One platform to unfiy all your data, analytics and AI workloads.
Simple: Unifies your data warehousing and AI use cases on a single platform.
Open: Built on open source and open standards.
Multicloud: One consistent data platform across clouds.
An open and reliable data platform to efficiently handle all data types.
One security and governance approach for all data assets on all clouds.
All AI, SQL, BI, and streaming use cases.
Workloads:
Data engineering: Ingest and transform
Data warehousing: SQL and business insights
Data streaming: Real-time insights
Data science: ML to predict outcomes
Cloud data lake: All structured and unstructured data deployed either in aws, azure or gcp.
Delta lake: It is used for data reliablity and performance.
Unity catalog: It is used for data governance.
Unified governance solution build into the lakehouse platform.
Provides auditing and data lineage capabilities.
Secure data sharing with delta sharing integrated directly into unity catalog. Delta sharing is sharing the data without copying from one place to other.
Existing tables and views can be upgraded to unity catalog.
Persona based services:
Data Engineer
Data Analyst
Data Scientist
It makes the specialized team working in silos to unfied team with shared responsibility.
Lack of schema enforcement leading inconsistent and low quality data.
Lack of integration with a data catalog. so there is no single truth of data.
Data is kept as a blob as immutable file. This leads to issues such as ineffective paritioning and too many small files.
Databricks solves these issues with two technologies.
Delta lake
File based open source storage format.
It supports ACID transaction.
Scalable data and metadata handling. It leverages spark to scale out all the metadata processing.

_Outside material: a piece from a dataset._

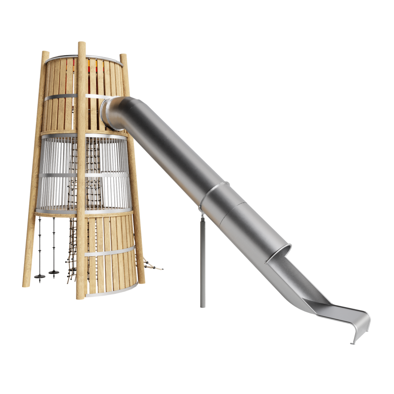 Каркас, обшивка - дерево, обработанное антисептиком и маслом террасным атмосферостойким для древесины в 2 слоя. Горка - сталь нержавеющая AISI 304 толщиной не менее 2 мм, электрохимическая пассивация сварных швов. Канатные сети - канат армированный 16 мм.

Audit history and time travel. It has a transaction log with details about every change to data and the ability to rollback to the earlier versions.
Schema enforcement and schema evolution: It prevents the insertion of data with the wrong schema while also allowing the table schema to be explicitly and safely changed.
Support for deletes, updates, and merges which is rare for a distributed processing framework to supports. This enabled the change data capture and slowly changed dimension and streaming upserts.
Unified streaming and batch data processing
Compatible with Apache Spark.
It uses delta tables based on Apache Parquet. It is a common format for a structuring data. So you can easily switch from existing parquet table to a delta table.
It provides fine-grained row, column and view level access control via SQL.
It provides audit train to understand who has performed what action against the data.
Built in data search and discovery.
Automated lineage for all workloads.
Delta sharing
Let’s say there is a delta lake table and we are sharing the data using delta sharing using delta sharing server. The delta sharing server has the access permissions. You can share the data without replicating it using the delta sharing protocol to a data recipient. The data recipient could be any tool like power bi, tableau, pandas, spark etc or any use case like BI, analytics, data science or any cloud like azure, aws, gcp or on-prem.